Task description
Given these entries, repeat exactly the lines starting with the one that has "虎扑02月06日讯 GAME1:WBG蓝色方;IG红色方" and going on through the one that has "穴あけ機は9号ハウスの外に移動し、ハウス内は原木で満タンに成りました。", both included, but none of the pictures.

# # # # # # #

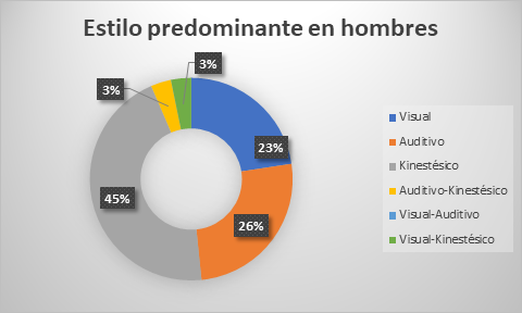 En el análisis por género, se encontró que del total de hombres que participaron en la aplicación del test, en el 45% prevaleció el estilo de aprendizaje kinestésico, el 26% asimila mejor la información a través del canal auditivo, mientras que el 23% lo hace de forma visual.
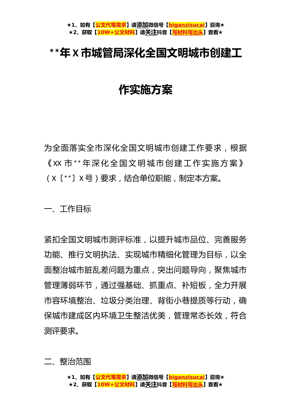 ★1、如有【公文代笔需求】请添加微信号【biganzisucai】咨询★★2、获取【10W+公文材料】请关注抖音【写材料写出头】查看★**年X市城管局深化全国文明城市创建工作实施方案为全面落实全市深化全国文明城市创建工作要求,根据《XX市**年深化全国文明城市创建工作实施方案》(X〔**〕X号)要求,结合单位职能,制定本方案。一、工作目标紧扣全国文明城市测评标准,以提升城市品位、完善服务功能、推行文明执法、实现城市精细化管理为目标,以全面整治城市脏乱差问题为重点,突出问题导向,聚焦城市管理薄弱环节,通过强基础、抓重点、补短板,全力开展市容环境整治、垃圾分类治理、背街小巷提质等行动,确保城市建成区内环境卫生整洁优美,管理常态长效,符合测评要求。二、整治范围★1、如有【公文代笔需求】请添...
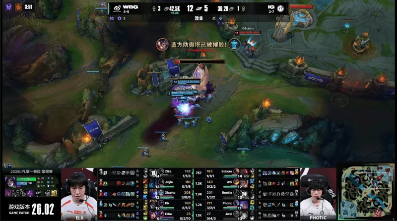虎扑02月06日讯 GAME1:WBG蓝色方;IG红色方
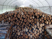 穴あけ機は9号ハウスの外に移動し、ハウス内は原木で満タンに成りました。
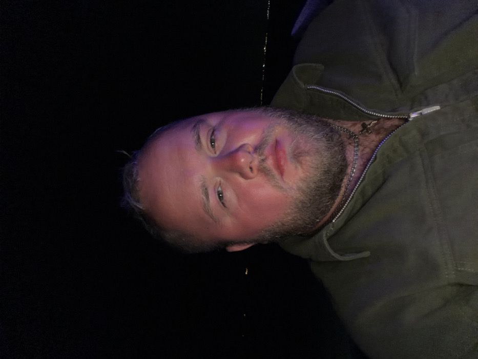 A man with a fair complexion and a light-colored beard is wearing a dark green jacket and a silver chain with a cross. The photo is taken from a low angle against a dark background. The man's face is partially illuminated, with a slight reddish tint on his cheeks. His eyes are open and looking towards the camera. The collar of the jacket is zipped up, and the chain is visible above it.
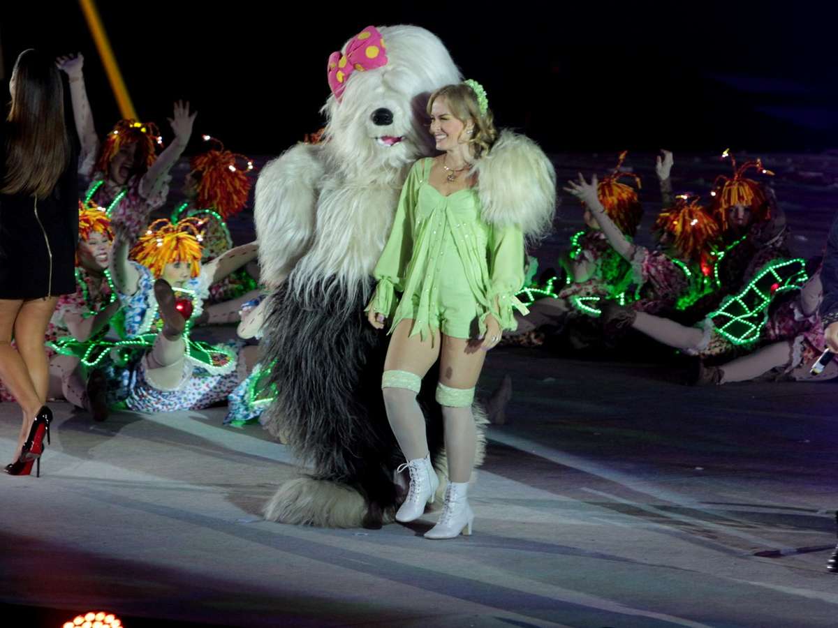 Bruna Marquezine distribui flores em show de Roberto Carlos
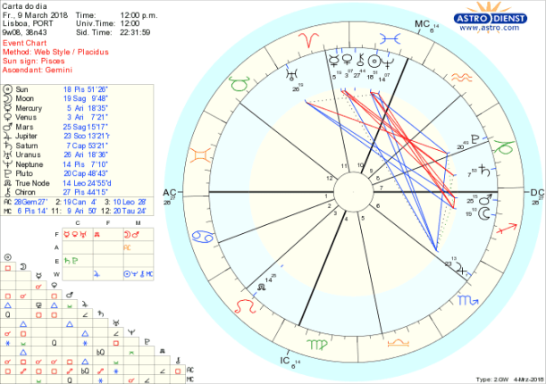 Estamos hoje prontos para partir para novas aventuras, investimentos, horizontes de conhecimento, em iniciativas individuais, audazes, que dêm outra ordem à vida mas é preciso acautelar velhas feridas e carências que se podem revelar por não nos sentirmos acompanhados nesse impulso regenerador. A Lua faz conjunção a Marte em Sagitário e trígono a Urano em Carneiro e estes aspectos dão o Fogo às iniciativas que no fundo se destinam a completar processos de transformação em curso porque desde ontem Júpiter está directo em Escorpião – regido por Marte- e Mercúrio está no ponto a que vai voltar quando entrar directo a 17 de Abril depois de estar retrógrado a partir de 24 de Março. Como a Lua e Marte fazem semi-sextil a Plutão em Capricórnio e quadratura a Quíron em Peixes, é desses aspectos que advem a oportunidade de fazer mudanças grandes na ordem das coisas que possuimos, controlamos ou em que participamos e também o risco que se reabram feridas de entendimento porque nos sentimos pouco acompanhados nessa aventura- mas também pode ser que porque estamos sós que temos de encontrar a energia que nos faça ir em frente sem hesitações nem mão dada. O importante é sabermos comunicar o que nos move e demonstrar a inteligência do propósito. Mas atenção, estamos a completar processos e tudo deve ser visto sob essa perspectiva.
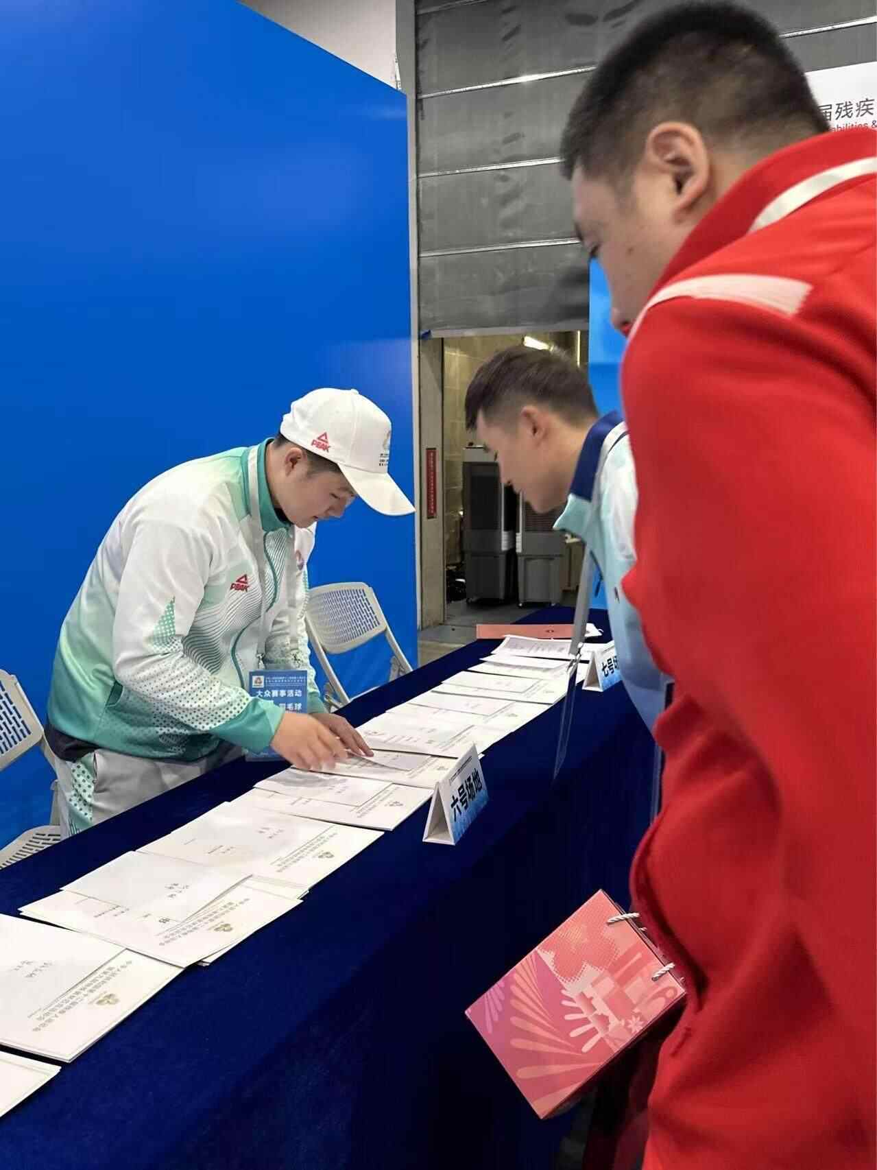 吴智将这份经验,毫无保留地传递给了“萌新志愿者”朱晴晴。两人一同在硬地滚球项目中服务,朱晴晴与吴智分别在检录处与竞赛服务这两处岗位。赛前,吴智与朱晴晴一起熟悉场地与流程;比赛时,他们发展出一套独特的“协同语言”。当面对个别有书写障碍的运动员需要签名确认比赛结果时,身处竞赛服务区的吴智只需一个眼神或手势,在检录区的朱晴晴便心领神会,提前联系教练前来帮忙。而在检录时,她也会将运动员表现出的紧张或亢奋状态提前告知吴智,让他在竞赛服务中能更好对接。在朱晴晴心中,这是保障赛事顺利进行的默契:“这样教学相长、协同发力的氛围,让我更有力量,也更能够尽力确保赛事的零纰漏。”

# # # # # # #

Answer below
虎扑02月06日讯 GAME1:WBG蓝色方;IG红色方
 穴あけ機は9号ハウスの外に移動し、ハウス内は原木で満タンに成りました。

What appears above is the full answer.